§ Extracted information:
::::::
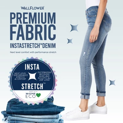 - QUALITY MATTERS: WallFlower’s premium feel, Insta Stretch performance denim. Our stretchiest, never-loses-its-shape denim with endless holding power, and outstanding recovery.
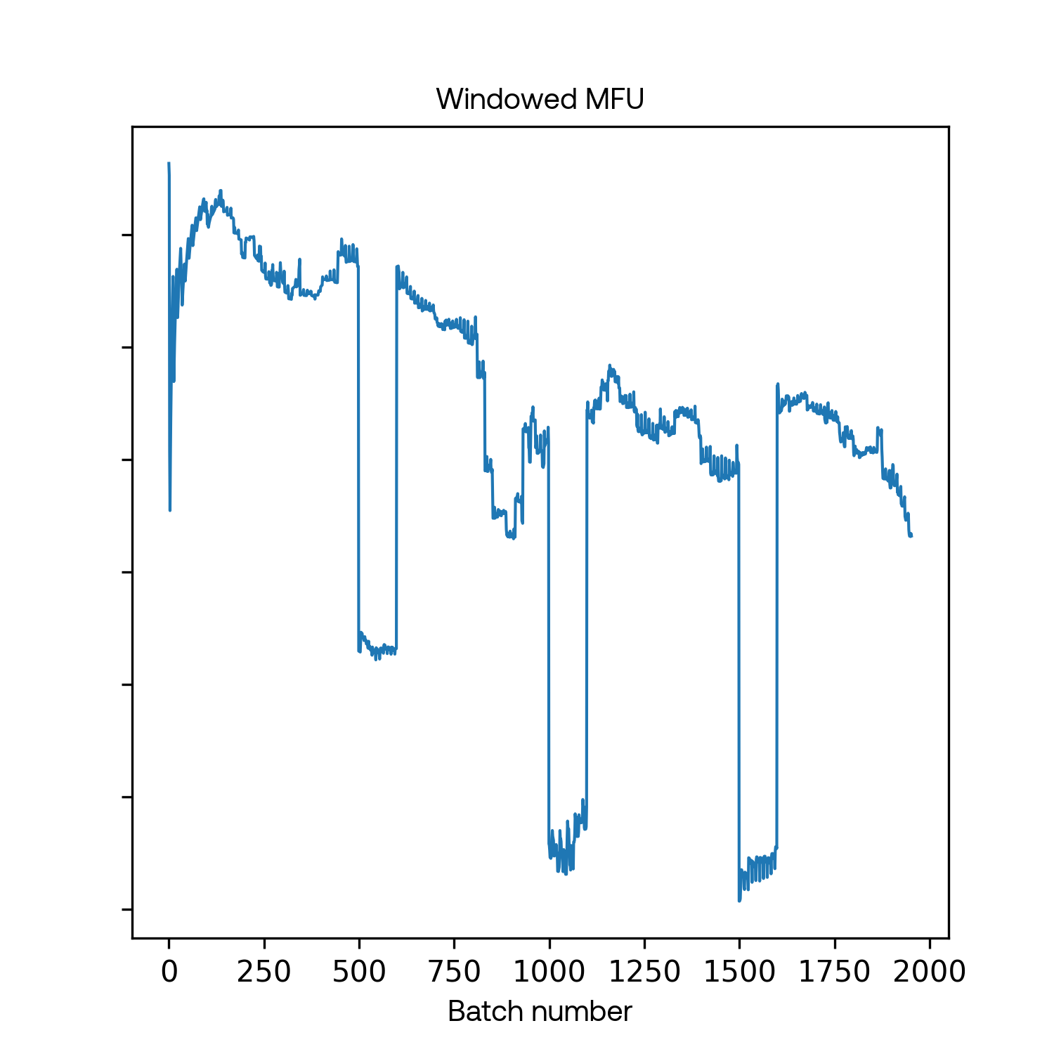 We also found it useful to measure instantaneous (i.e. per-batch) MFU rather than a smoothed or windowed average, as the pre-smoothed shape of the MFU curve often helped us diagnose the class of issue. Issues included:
::::::
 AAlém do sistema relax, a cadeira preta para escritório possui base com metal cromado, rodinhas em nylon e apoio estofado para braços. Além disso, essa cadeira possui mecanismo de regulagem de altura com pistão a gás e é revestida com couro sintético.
::::::
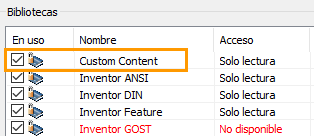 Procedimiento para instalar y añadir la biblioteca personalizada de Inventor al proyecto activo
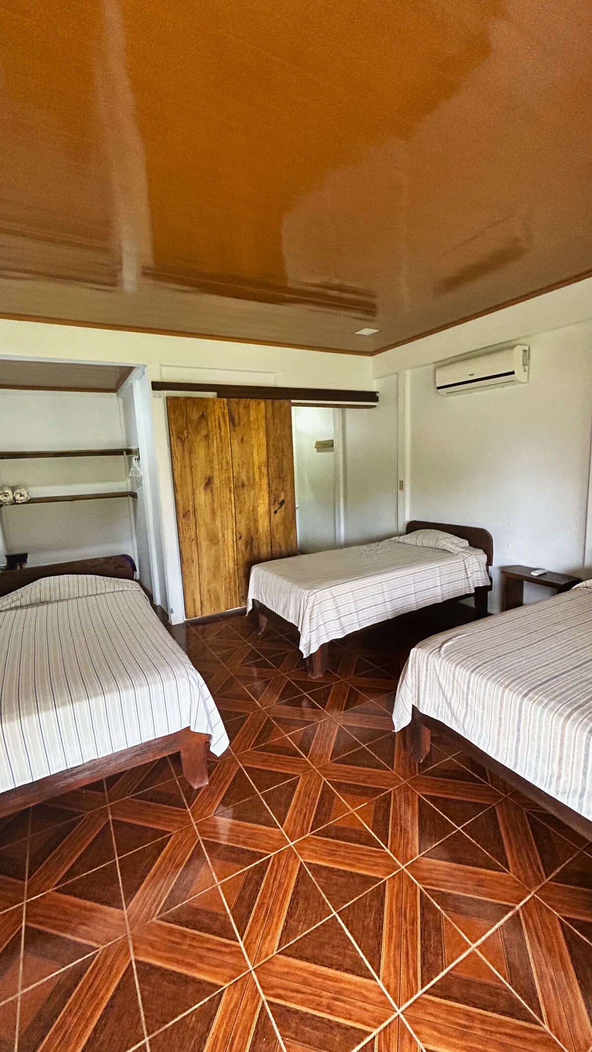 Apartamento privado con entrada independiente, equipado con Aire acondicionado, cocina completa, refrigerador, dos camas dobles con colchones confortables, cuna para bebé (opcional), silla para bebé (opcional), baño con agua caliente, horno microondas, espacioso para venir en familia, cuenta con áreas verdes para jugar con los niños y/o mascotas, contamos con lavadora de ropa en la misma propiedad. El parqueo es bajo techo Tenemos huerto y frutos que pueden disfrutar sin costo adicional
::::::
§ What the exercise asks:
From the records above, copy exactly the stretch from the line holding "- QUALITY MATTERS: WallFlower’s" through the line holding "We also found", both ends included, without the pictures.

§ Final answer:
 - QUALITY MATTERS: WallFlower’s premium feel, Insta Stretch performance denim. Our stretchiest, never-loses-its-shape denim with endless holding power, and outstanding recovery.
 We also found it useful to measure instantaneous (i.e. per-batch) MFU rather than a smoothed or windowed average, as the pre-smoothed shape of the MFU curve often helped us diagnose the class of issue. Issues included:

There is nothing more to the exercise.